Headline: 
Miliband calls for eco-taxes

Description: 
Environment secretary David Miliband has called on Gordon Brown to introduce a raft of green taxes aimed at tackling climate change.
In a letter to the chancellor, leaked to the Mail on Sunday, Miliband put forward proposals to increase duties on fuel and air travel as well as hiking up road tax for drivers of the most polluting vehicles.

"We must develop a personal and collective responsibility to change our behaviour. Achieving this relies on market forces and price signals that support environmental goals," he wrote.

"Alongside regulatory and other measures, market based instruments including taxes need to play a substantial role in our emerging strategy to respond to climate change."

Among his proposals, Miliband said a "substantial increase" in road tax for vehicles with high emissions should be considered to encourage people to drive less polluting cars.
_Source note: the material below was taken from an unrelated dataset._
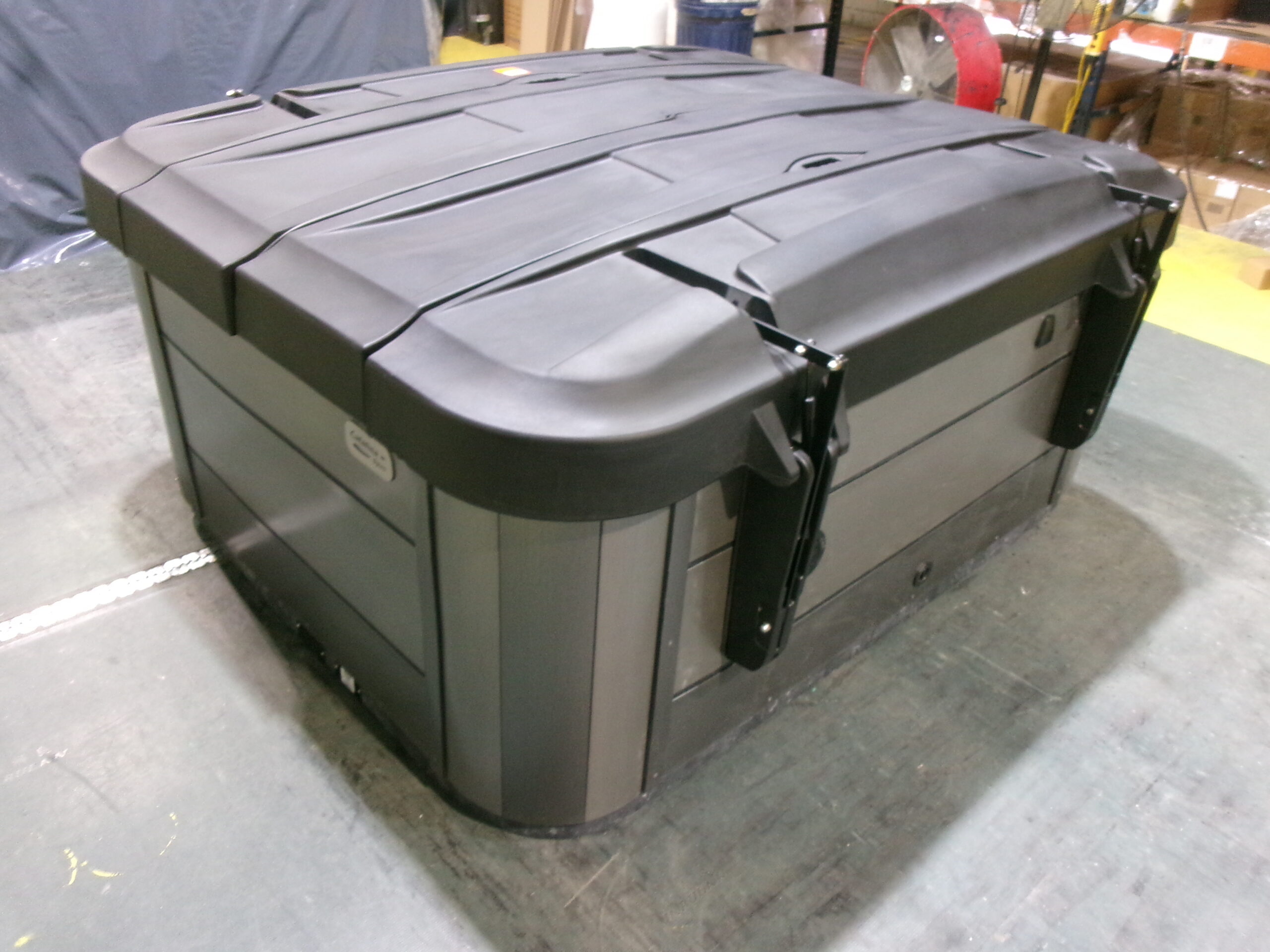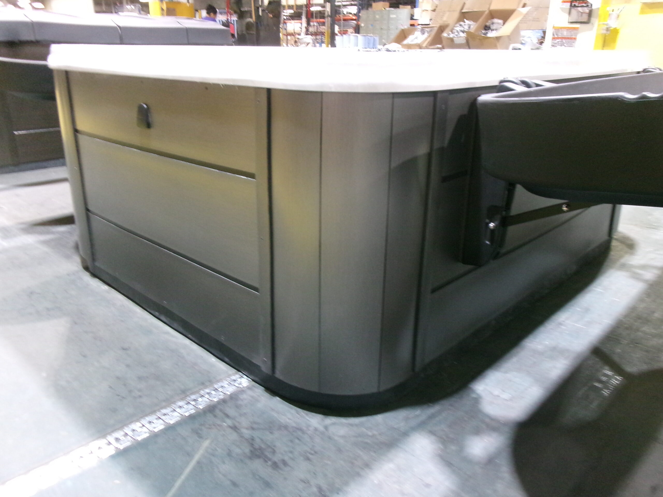 Designed for 3 people to enjoy comfort & luxury. This unit is made with our Tuff Top cover, sterling acrylic and slate cabinets.

Road-pricing should, he added, "reflect the full environmental impact of the journey made" as well as encourage more travellers to use public transport.

He also suggested annual increases in fuel duty as well as "pay as you go" road taxes whereby drivers would be charged per mile.

Dealing with air travel, the environment secretary complained that is it currently "lightly taxed". If air passenger duty was raised by £5, he said, an extra £400m would be raised. "There is also a case for making flights subject to VAT either on domestic flights, or better still, for all EU flights," Miliband added.

Following the leak of the document, Miliband confirmed the plans were being considered. "In the UK I think we should be proud that our country is leading the way in the reduction of the greenhouses gases, the carbon dioxides that are so dangerous," he told Sky News.

He claimed that Labour and the Conservatives agreed that climate change should be high on the agenda. "I think it's good that the Conservatives have come out of the Stone Age, they want to debate these issues.

"I look forward to the next election when all parties are competing to show that they can make a difference on the climate."

The news of the proposals came ahead of the release of a report on climate change by Sir Nicholas Stern which predicted the "biggest global economic crash since the 1930s".

The 700-page document said global warming could reduce the global economy by 20%. However, if action was taken immediately to tackle it, Stern said, it would cost only 1% of global cross domestic product.

Responding to the report, prime minister Tony Blair said: "This disaster is not set to happen in some science fiction future many years ahead, but in our lifetime.

"Investment now will pay us back many times in the future, not just environmentally but economically as well. For every £1 invested now we can save £5, or possibly more, by acting now.

"We can't wait the five years it took to negotiate Kyoto - we simply don't have the time. We accept we have to go further [than Kyoto]."